== TASK PROMPT ==
Copy out the listing below exactly, please, and skip any pictures.

== THE DATA ==

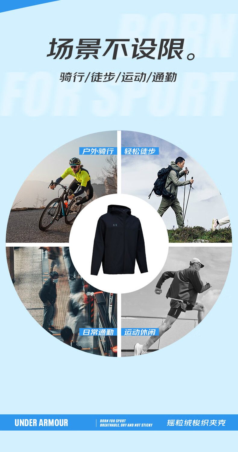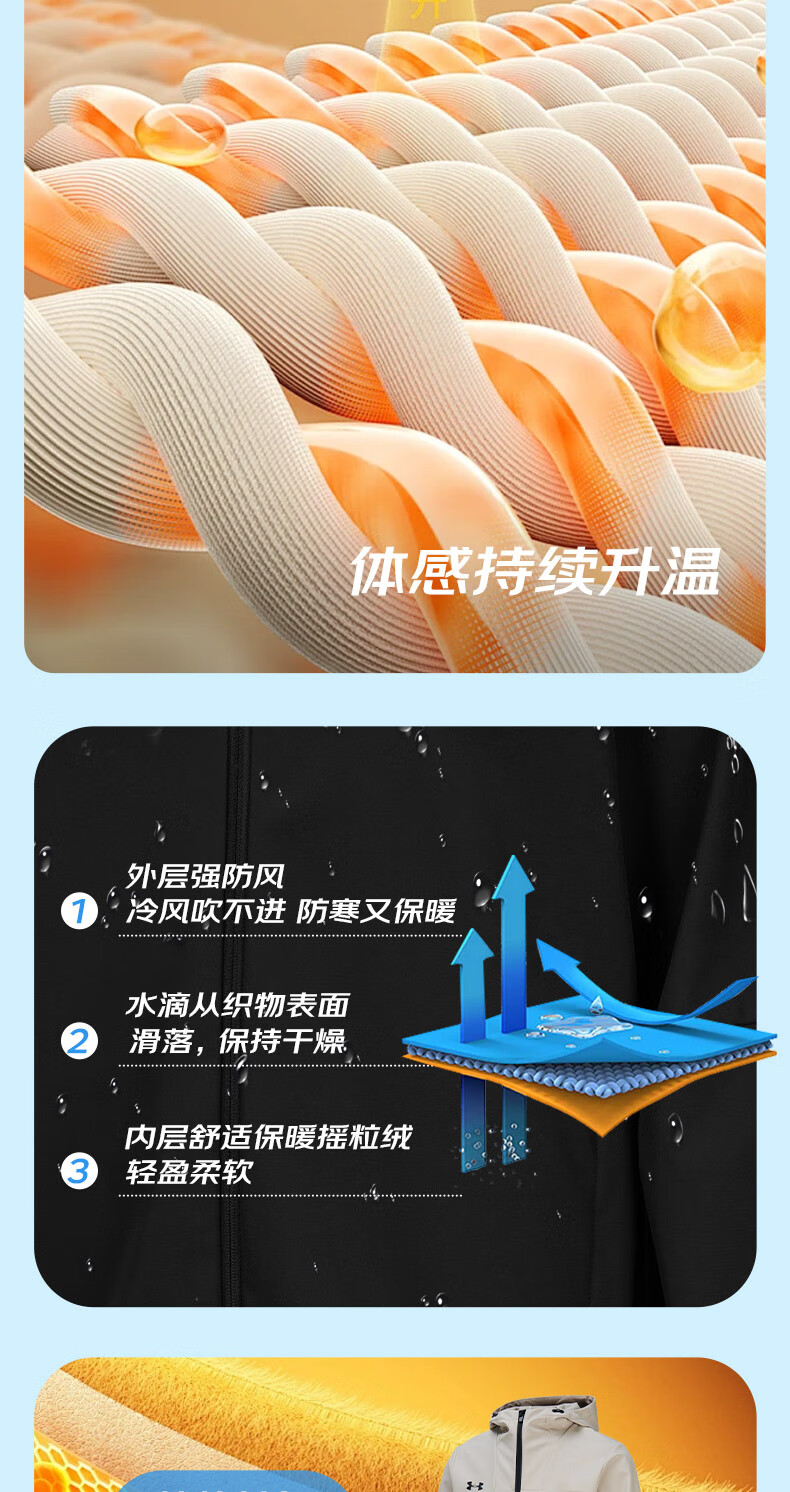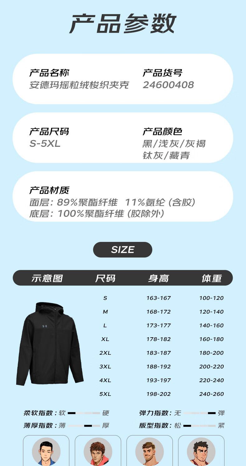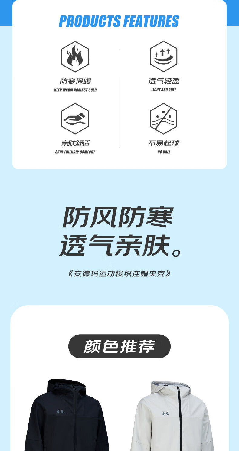 Under Armor UA Sports Jacket Men's Early Spring Velvet Hooded Woven Jacket Outdoor Windproof Casual Sportswear Black 24600408-001 XL (Recommended weight 160-180Jin Jin equals 0.5 kg)
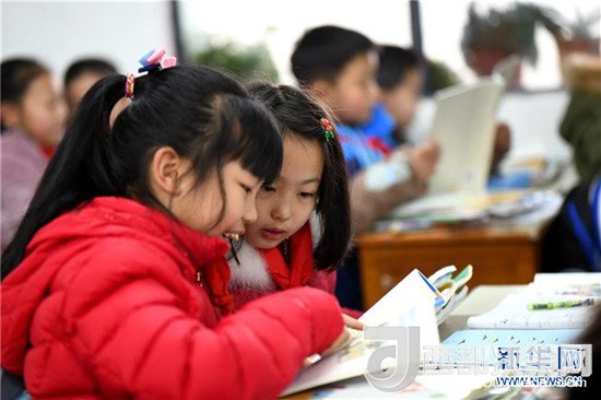 2月25日,貴州省遵義市文化小學(xué)四年級5班的學(xué)生在教室閱讀剛剛領(lǐng)到的新書。
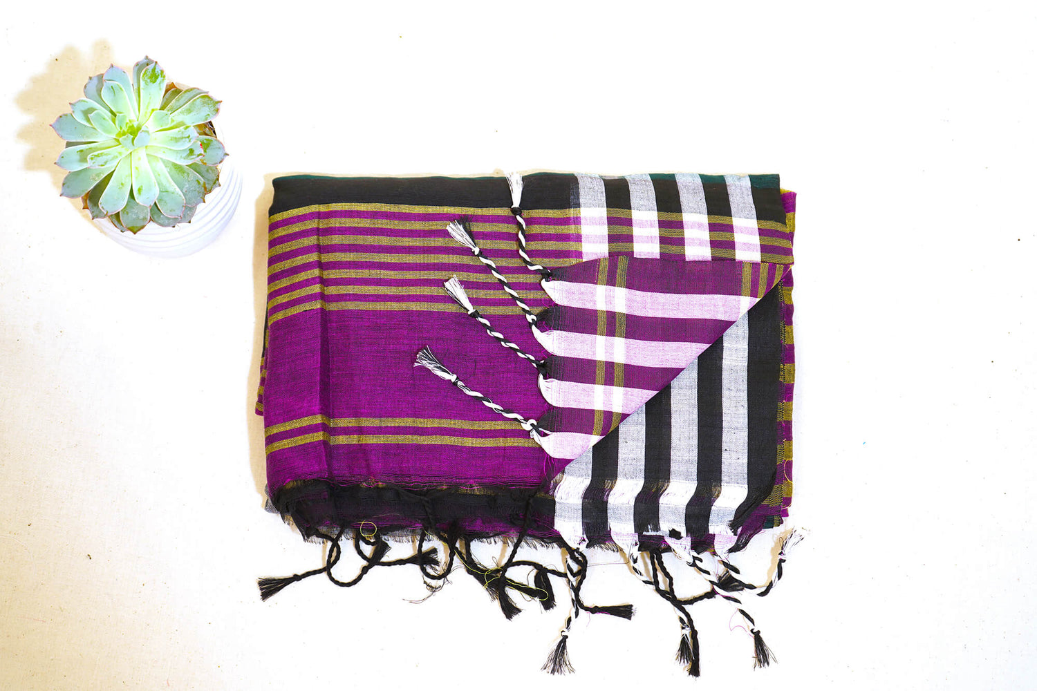 West bengal holds a special place in the heart of handloom lover. The handloom cotton saree from west bengal are particularly famous for their exceptional craftsmanship as well as the fine quality of muslin and cotton. The begampuri cluster, named after the eponymous begampur in the Hoogly district of west bengal, is well known for its bright and colorful combinations, intricate stipes and the serrated extra weft border designs.
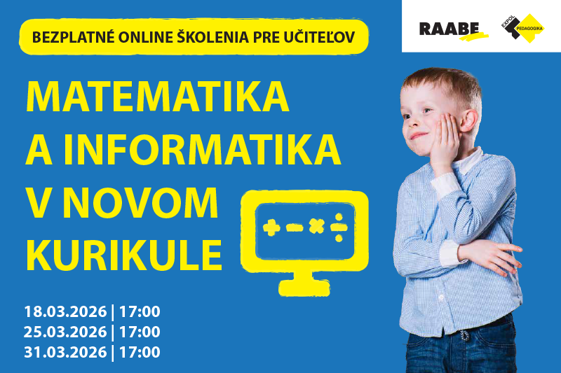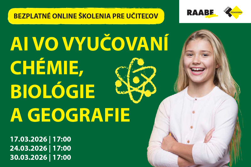 Stále u vás pretrvávajú obavy z prechodu na nové kurikulum? Ale súčasne vás "straší" aj umelá inteligencia? Uvažujete ako teóriu nového kurikula premietnete do praxe? A radi by ste našli rovnováhu vo využívaní AI v škole? RAABE a EXPOL online školenia pokračujú aj v marci! Pripojte sa z domu a celkom zadarmo!

== RESPONSE BOX ==
 Under Armor UA Sports Jacket Men's Early Spring Velvet Hooded Woven Jacket Outdoor Windproof Casual Sportswear Black 24600408-001 XL (Recommended weight 160-180Jin Jin equals 0.5 kg)
 2月25日,貴州省遵義市文化小學(xué)四年級5班的學(xué)生在教室閱讀剛剛領(lǐng)到的新書。
 West bengal holds a special place in the heart of handloom lover. The handloom cotton saree from west bengal are particularly famous for their exceptional craftsmanship as well as the fine quality of muslin and cotton. The begampuri cluster, named after the eponymous begampur in the Hoogly district of west bengal, is well known for its bright and colorful combinations, intricate stipes and the serrated extra weft border designs.
 Stále u vás pretrvávajú obavy z prechodu na nové kurikulum? Ale súčasne vás "straší" aj umelá inteligencia? Uvažujete ako teóriu nového kurikula premietnete do praxe? A radi by ste našli rovnováhu vo využívaní AI v škole? RAABE a EXPOL online školenia pokračujú aj v marci! Pripojte sa z domu a celkom zadarmo!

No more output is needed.